Databricks SQL Egress

Import JSON documents into your your Databricks table from your Datastreamer pipeline.

Setting up Databricks data egress involves just a few steps.

Prerequisites

To use Databricks integration within your Pipelines, you will need to have the following:

  1. Datastreamer Portal account with access to add a new component.
  2. Databricks URI.
  3. Databricks Access token Databricks Access Token.
  4. A configured Databricks Table to store the JSON content.

Setup Instructions

Step 1: Open the target Pipeline within Portal

You can create a new Pipeline or open an existing Pipeline within the Portal.

Step-by step guide of how to import data into Snowflake using Datastreamer pipeline.

Dynamic pipelines list page from Datastreamer Portal.

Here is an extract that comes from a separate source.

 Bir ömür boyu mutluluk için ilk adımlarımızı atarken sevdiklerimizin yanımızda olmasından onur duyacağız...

Step 2: Add a source component from the selection menu

Add a source component (ingress) to bring data into your pipeline.

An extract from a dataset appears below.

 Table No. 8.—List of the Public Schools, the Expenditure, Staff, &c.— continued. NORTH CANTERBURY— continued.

You can import your own data using a variety of available connectors, such as AWS S3, Google Cloud Storage (GCS), Direct Data Upload, and more. Alternatively, you can use one of the available web data sources.

Step 3: Configure the component

Add the Databricks component to your pipeline and fill in the required configuration. Make sure to save your changes.

Host

The Databricks workspace URL.

AccessToken

The Personal Access Token for authenticating with Databricks.

Warehouse Id

The id of the Databricks warehouse where you table is located.

Table Name

The Databricks table that documents will be inserted into. Typically this will be scoped with the Databricks schema.

JSON Mappings

The mappings array defines how fields from an incoming JSON document are transformed into columns in a Databricks table.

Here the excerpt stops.